SUPPLIED ENTRIES Block Start

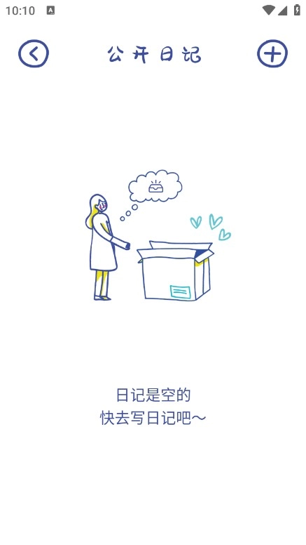 在本站安装emmo日记应用,安装完成后打开进入应用界面,随后点击页面中间位置的加号按钮。
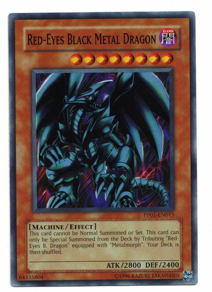 This listing is for a great Yu-Gi-Oh! Card. You get: Red Eyes Black Metal Dragon PP01-EN015 Super Rare! This card is in Near Mint Condition. Actual Card Pictured. Check out our other items! We add new items all the time, be sure to add us to your Favorite Sellers List. CONDITION DEFINITIONS: Mint : A perfect or virtually perfect card. We do not sell cards as Mint in order to ensure customer satisfaction. Near Mint : May have some very light edge wear and/or scratching. Excellent : Edge wear and/or scratches becoming more noticeable. May have a few light indentations. Good : Shows signs of play. Has bends, scratches, indentations, minor creases, and/or increasing edge wear. Played : Severe bends, creases, edge wear and/or scratches. Damage is extremely noticeable. POKEMASTER.CARDS SALES INFORMATION: History/Background We specialize in high quality collectibles with great prices, accurate descriptions, and super fast shipping. With thousands of items sold, you can be confident that you will be very happy with your purchase! We add new items all the time, be sure to add us to your Favorite Sellers List. Click the "Save this seller" link above or in our store! Shipping Information Cards are safely packed in a protective plastic sleeve, wrapped in a packing slip, and then reinforced with cardboard and tape. Most cards are shipped via USPS First Class Mail, which usually arrives quickly (within 3-6 business days). WE COMBINE SHIPPING! Be sure to order items together to save big! Customer Service As you can see from our great feedback, we work very hard to ensure that EVERY customer is fully satisfied. Please contact us with ANY concerns BEFORE leaving feedback and we will promptly address any issue. We want 5 STARS in every category and will do what it takes to earn them.
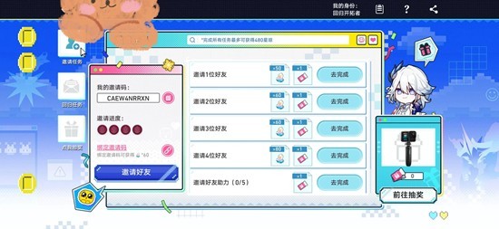 活跃的开拓者能够分享自己的专属邀请码,邀请符合条件的开拓者回归游戏,从而获得星琼奖励和抽奖机会。
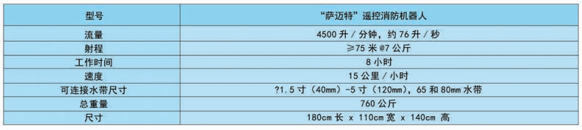 美國 “薩邁特”遙控消防機器人 相關參數(shù):
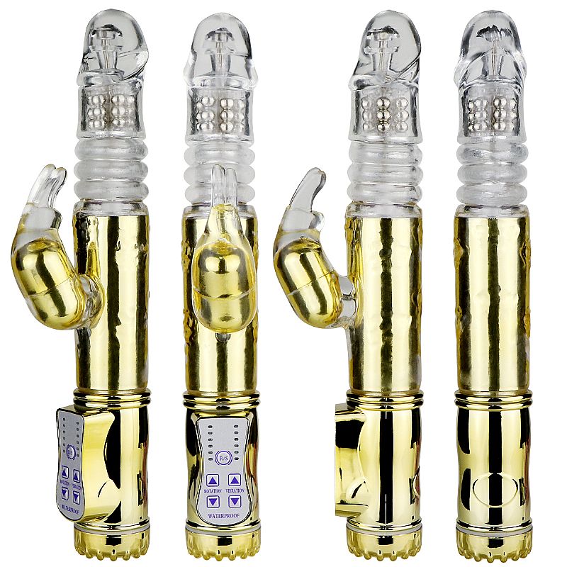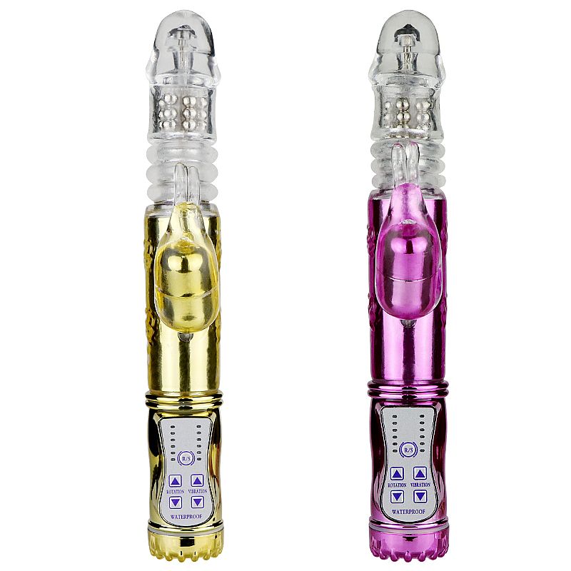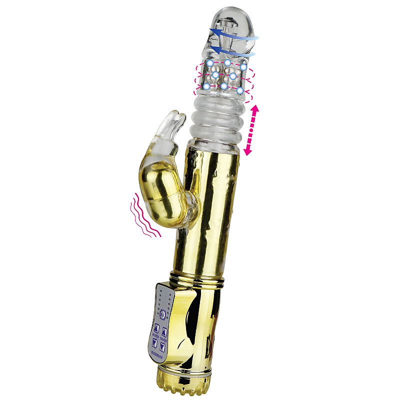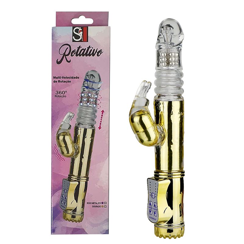 Vibrador Rotativo, feito em material macio e de fácil limpeza. Tem a ponta com uma curva para a estimulação do ponto G, também possui um plug em sua lateral em formato de Coelho, para estimular o clitóris durante a penetração.

SUPPLIED ENTRIES Block End

# EXERCISE PROMPT
This exercise calls for the records to be given again exactly, without the images.

# TASK SOLUTION
 在本站安装emmo日记应用,安装完成后打开进入应用界面,随后点击页面中间位置的加号按钮。
 This listing is for a great Yu-Gi-Oh! Card. You get: Red Eyes Black Metal Dragon PP01-EN015 Super Rare! This card is in Near Mint Condition. Actual Card Pictured. Check out our other items! We add new items all the time, be sure to add us to your Favorite Sellers List. CONDITION DEFINITIONS: Mint : A perfect or virtually perfect card. We do not sell cards as Mint in order to ensure customer satisfaction. Near Mint : May have some very light edge wear and/or scratching. Excellent : Edge wear and/or scratches becoming more noticeable. May have a few light indentations. Good : Shows signs of play. Has bends, scratches, indentations, minor creases, and/or increasing edge wear. Played : Severe bends, creases, edge wear and/or scratches. Damage is extremely noticeable. POKEMASTER.CARDS SALES INFORMATION: History/Background We specialize in high quality collectibles with great prices, accurate descriptions, and super fast shipping. With thousands of items sold, you can be confident that you will be very happy with your purchase! We add new items all the time, be sure to add us to your Favorite Sellers List. Click the "Save this seller" link above or in our store! Shipping Information Cards are safely packed in a protective plastic sleeve, wrapped in a packing slip, and then reinforced with cardboard and tape. Most cards are shipped via USPS First Class Mail, which usually arrives quickly (within 3-6 business days). WE COMBINE SHIPPING! Be sure to order items together to save big! Customer Service As you can see from our great feedback, we work very hard to ensure that EVERY customer is fully satisfied. Please contact us with ANY concerns BEFORE leaving feedback and we will promptly address any issue. We want 5 STARS in every category and will do what it takes to earn them.
 活跃的开拓者能够分享自己的专属邀请码,邀请符合条件的开拓者回归游戏,从而获得星琼奖励和抽奖机会。
 美國 “薩邁特”遙控消防機器人 相關參數(shù):
 Vibrador Rotativo, feito em material macio e de fácil limpeza. Tem a ponta com uma curva para a estimulação do ponto G, também possui um plug em sua lateral em formato de Coelho, para estimular o clitóris durante a penetração.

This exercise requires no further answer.